Mother Teresa, who devoted decades to serving the poor, the sick, and the dying in the dirty streets of Calcutta; even this devoted servant of God faced her wilderness. From her letters; “Where is my faith? – even deep down, right in, there is nothing but emptiness and darkness. – My God – how painful is this unknown pain. It pains without ceasing. – I have no faith. – I dare not utter the words and thoughts that crowd in my heart – and make me suffer untold agony. So many unanswered questions live within me – I am afraid to uncover them – because of the blasphemy – If there be God, – please forgive me”. Jesus didn’t flinch when facing his temptation; Mother Teresa, one of the most saintly women of our time examined herself and often found faith lacking. Yet, she continued in her work among the most needy and destitute of God’s people. I daresay, she was so distressed with what she was surrounded each day, that the wilderness she witnessed around her may have found its way into her own innermost self.
Yet her identity was rooted in Christ, she resisted the temptations of the world, and she maintained an absolute dependence on the God who provided for all of her needs; and who provides for ours.
Over the next forty days we will travel with Jesus, arriving in Jerusalem to witness his death on the cross, and three days later, his rising. We are invited during this period to spend some time examining our individual wilderness, recognizing our brokenness, and acknowledging our need for the mercy and grace of God. We may find boldness and confidence to declare our unwavering faith, resisting any temptation that we encounter; in our way, responding as Jesus did. Or, like Mother Teresa, we might feel despair and doubt, and ask God’s forgiveness for our shaky faith. Either way, or somewhere in-between, if we are willing to undergo an honest self-analysis, the end result is the same for all of us. No matter the depth of our temptations, and whether or not we resist them, on Easter morning we rise along with Jesus. And that’s the beauty of Christ’s understanding of his identity. As God’s Son, sent to secure our salvation, we are forgiven for his sake. The starkness of our own wilderness, the demons that tempt us, and whether we overcome them or succumb, the God who confirmed the identity and purpose of Christ Jesus, bestows the same label on us. We too are the sons and daughters of God; we may struggle in our personal wilderness and we are tempted. But we are assured that the God who is ‘well pleased’ with Jesus accepts us just as we are. The Father sent the angels to attend to Jesus in his wilderness; he will do the same for us, as we struggle in ours.

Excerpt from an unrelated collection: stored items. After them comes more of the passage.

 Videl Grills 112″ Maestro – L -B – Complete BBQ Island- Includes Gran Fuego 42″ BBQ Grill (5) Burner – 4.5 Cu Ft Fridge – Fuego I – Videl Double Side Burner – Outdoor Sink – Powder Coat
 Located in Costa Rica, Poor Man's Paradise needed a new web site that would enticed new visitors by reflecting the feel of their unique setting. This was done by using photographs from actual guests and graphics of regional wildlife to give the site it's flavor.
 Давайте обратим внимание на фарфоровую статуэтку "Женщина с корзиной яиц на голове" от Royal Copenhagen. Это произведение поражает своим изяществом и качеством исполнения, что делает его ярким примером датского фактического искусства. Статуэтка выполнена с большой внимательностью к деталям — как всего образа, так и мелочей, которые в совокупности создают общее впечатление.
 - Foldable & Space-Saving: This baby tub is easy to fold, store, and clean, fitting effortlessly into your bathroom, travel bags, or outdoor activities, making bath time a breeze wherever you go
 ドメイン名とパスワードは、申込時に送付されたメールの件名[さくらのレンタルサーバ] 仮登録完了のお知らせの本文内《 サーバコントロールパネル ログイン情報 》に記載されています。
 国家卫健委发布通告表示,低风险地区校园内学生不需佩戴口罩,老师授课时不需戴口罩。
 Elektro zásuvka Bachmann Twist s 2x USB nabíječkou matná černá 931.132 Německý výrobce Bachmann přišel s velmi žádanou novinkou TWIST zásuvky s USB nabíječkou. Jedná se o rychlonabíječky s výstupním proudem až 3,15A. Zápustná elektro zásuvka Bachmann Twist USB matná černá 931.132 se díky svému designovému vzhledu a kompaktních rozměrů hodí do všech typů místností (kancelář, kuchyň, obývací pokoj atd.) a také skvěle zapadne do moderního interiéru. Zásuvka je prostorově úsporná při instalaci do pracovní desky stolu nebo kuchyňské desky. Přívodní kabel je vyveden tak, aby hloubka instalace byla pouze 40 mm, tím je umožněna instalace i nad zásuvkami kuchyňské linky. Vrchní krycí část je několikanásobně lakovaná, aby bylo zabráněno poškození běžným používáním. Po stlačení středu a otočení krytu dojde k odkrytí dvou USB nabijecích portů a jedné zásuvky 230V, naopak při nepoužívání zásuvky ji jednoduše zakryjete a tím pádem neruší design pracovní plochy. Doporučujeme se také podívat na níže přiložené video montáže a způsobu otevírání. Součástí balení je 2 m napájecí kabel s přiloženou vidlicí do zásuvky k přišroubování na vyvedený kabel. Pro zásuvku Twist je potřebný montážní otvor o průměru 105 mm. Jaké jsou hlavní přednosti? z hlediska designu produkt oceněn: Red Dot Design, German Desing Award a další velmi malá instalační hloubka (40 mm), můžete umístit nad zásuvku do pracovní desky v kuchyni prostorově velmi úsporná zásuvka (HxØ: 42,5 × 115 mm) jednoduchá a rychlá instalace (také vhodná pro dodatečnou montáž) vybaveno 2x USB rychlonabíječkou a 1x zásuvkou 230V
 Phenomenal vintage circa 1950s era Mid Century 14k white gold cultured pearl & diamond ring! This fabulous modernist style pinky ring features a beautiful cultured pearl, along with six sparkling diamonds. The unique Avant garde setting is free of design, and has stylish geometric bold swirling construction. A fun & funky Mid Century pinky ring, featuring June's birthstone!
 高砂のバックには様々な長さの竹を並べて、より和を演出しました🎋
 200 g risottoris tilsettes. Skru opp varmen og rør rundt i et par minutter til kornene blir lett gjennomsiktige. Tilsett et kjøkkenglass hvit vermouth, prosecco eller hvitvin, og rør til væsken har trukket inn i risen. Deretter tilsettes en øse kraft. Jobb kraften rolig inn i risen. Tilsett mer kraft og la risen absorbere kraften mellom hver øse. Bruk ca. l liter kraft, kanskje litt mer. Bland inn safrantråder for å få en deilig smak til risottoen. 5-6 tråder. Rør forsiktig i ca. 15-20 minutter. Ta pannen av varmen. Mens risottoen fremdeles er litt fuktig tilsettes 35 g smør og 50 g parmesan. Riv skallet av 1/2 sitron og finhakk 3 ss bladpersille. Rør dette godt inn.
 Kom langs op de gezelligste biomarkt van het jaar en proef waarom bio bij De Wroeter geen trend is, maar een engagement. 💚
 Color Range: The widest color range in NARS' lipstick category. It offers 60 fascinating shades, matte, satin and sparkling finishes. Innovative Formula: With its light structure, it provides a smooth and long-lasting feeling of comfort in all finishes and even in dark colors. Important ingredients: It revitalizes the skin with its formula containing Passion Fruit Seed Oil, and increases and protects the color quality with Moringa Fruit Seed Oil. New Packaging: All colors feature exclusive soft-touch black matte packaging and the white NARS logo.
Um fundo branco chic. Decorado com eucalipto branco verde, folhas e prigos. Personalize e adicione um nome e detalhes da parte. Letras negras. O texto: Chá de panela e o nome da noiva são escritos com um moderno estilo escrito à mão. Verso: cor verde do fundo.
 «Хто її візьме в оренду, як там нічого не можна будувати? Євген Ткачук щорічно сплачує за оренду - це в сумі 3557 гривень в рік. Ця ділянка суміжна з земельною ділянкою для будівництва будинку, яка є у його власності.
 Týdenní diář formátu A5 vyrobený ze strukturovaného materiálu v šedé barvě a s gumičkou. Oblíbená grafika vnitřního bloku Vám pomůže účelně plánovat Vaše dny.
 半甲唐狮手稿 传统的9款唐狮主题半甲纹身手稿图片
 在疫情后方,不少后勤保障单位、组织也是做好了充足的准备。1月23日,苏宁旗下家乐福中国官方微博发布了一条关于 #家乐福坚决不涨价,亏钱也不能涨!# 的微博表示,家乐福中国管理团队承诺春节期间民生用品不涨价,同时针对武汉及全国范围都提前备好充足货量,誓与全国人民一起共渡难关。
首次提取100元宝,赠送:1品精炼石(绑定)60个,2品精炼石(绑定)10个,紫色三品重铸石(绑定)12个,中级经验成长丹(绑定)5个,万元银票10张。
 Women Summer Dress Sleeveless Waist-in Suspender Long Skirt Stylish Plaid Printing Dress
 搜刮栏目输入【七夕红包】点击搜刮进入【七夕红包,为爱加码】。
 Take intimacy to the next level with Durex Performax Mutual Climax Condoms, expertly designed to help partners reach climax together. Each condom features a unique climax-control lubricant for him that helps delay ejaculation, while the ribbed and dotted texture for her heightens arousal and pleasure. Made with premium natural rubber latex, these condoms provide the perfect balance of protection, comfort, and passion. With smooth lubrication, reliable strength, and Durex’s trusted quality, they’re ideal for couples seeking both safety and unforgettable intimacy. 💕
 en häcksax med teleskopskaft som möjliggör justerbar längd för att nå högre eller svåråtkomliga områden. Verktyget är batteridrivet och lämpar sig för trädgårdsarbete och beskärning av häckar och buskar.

Will you pray with me? Good and gracious God, we are called to reflect on our sinfulness during this season of Lent. And you remind us that we are totally dependent for you for all that we have and all that we are. Reassure us that at the end, we remain your sons and daughters and that you will replace our wilderness with the paradise that awaits us with you and Jesus in the heavenly places.
And in Jesus’ name together the people of God say…Amen.
God is good, all the time. All the time, God is good. Amen.